We lived frugally when I was raising my children. There just wasn't much money and I was feeding a family of nine and assorted friends and neighbors on $10 a month. We grew a big garden and had raspberries, grape vines, and a peach tree in our yard. During harvest season we'd glean the orchards or fields when harvest was over. (The requirement was to give at least 10% to the food bank. Cool idea, huh?)

Then we would can, dehydrate, and freeze everything we could and live off it during the winter months. We also stored wheat - Montana Turkey Red Hard Winter Wheat. I could do just about anything with this grain but knit a sweater.

And along the way I learned smart food-stretching techniques from Pauline Hatch, Connie Honroth, Sandy Chriswell, Aunt Annie, Chris Carver, Mary Cannon, my mom, and many others. I thought it would be good to share these ideas with you - this is the season when a little extra money always comes in handy, and if we can shave some off our food budget, well, why not?

Maybe there's something here you haven't thought of, and if you have a good tip that isn't here, please email me - I'll build another article around it so we can all benefit from YOUR wisdom and expertise! We're all in this together!

1) Bones from meat, fish, poultry make excellent soup stock: partially cover with water and simmer covered several hours; strain and store in refrigerator or freezer.

2) Save every scrap of meat, including giblets and necks from poultry. A few bits of meat added to a vegetable main dish make it really good. Giblets can also be frozen (uncooked) in plastic bag until enough are collected to make a meal.

3) Juice/syrup from canned fruit can be used as liquid minus sweetening in quick breads; as sweetening for non-sweet juice; combined with juice and frozen for popsicles; as pudding or gelatin base (minus sugar).

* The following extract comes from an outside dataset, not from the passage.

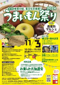 また、うまいもんまつりでも各種農産物やフードの販売にワークショップブースも多数出展予定で11時~にらせんべい、11時半~ひんのべ汁のふるまいもあるようなのでチェックして行ってみると楽しそうです。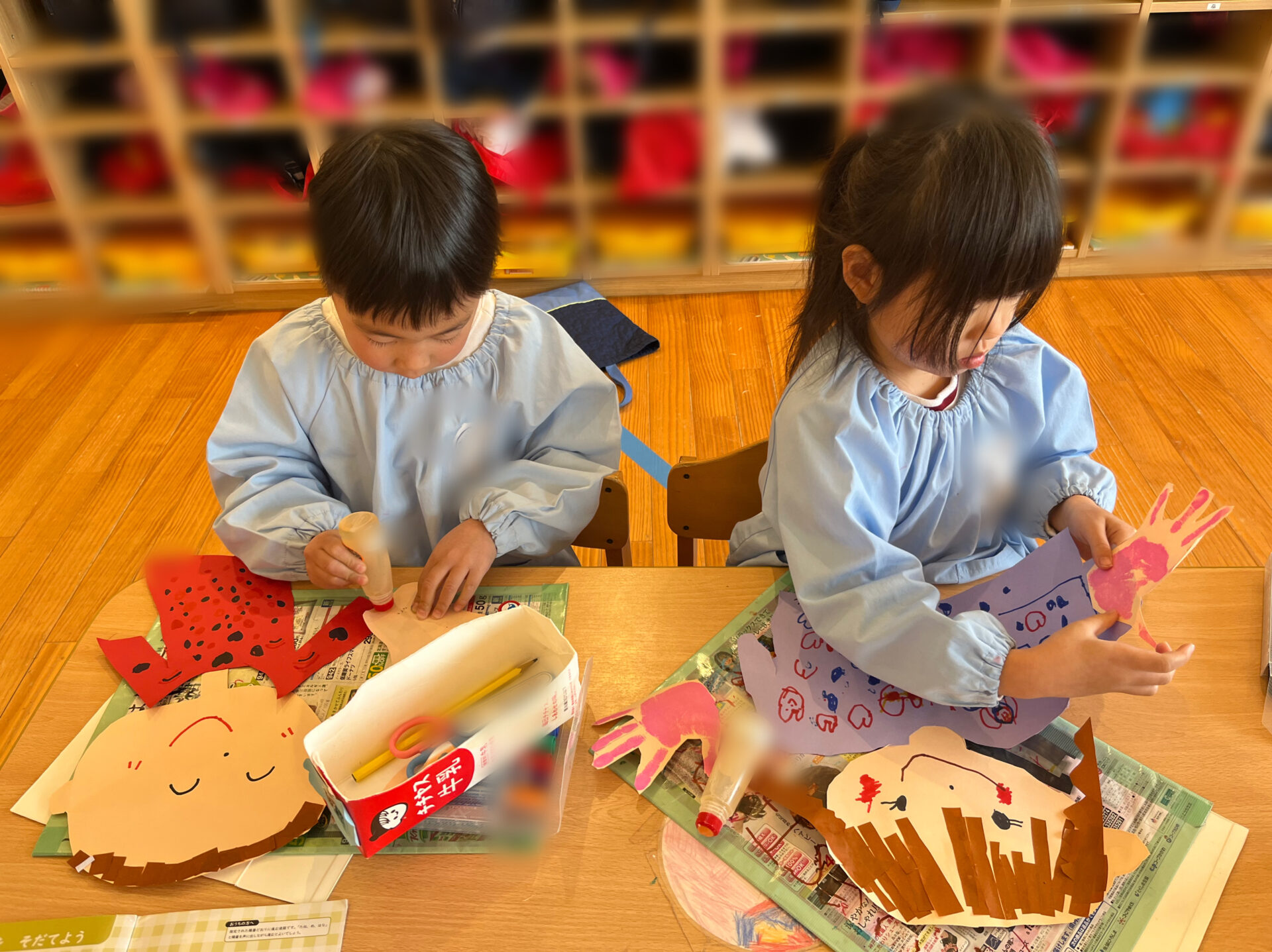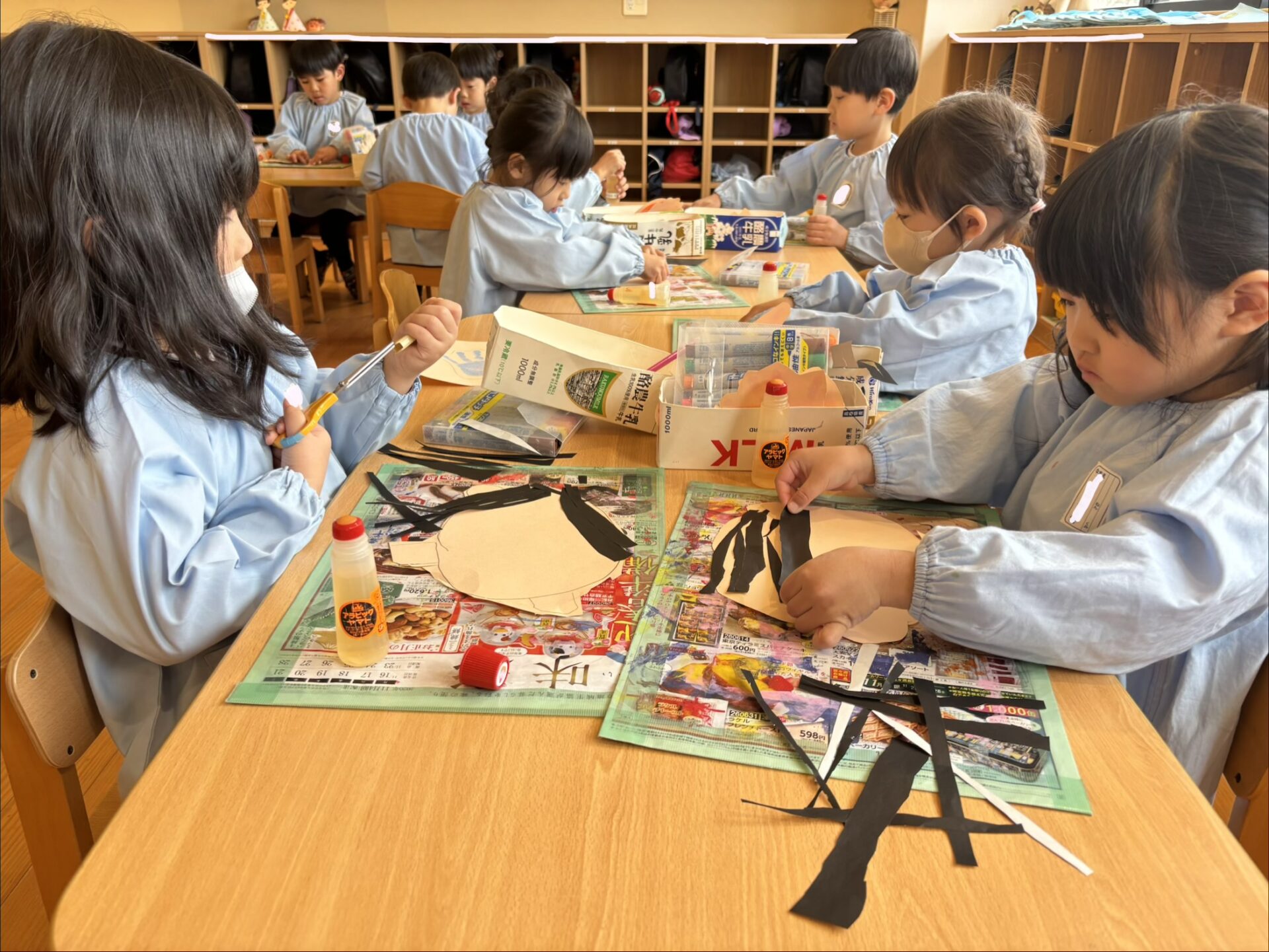 髪の毛も折り紙を使っての細かな製作でしたが、真剣に取り組んできました。

4) Fat/drippings from meat can be rendered or used directly if already cooked to saute onions or other veggies.

5) Vegetable peels, stems and tops are a valuable addition to soup stocks. Stems are also often good sliced thinly and stir-fried with other vegetables. Tops of carrots, radishes, celery, etc. are good chopped finely and added to soups and omelets. Hash browned potato peels are great.

6) Grated citrus rind can be frozen for later use. Pineapple cores and rinds can be simmered to make juice. Apple peelings are good raw and can be simmered to make liquid pectin.

7) Stale bread can be thinly sliced in strips and baked at 225 degrees for 1 hr to make zwieback. Bread crumbs should be saved and used seasoned or plain for breading, thickening, ground meat stretching.

8) Seeds from pumpkin, squash, or watermelon can be toasted in a 350 degree oven with or without butter or salt for a healthy snack treat.

9) Liquids from steaming vegetables or fruits can be used as the liquid in breads, soups, or sauces.

10) Leftover meat, vegetables, fruit or rice (if unseasoned) can be pureed and used for baby food, or thrown in the soup pot, as can leftover tossed salad or most main dish recipe failures.

11) Liquid from pickles can be used to make more pickles; sliced up carrots, peppers, etc. marinate well in leftover pickle juice.

12) Almost empty ketchup bottles can be filled with oil and vinegar and herbs to make salad dressing.

13) Anything that is unfit even for soup (few things are) will probably make great compost for the garden. Use it instead of throwing it out.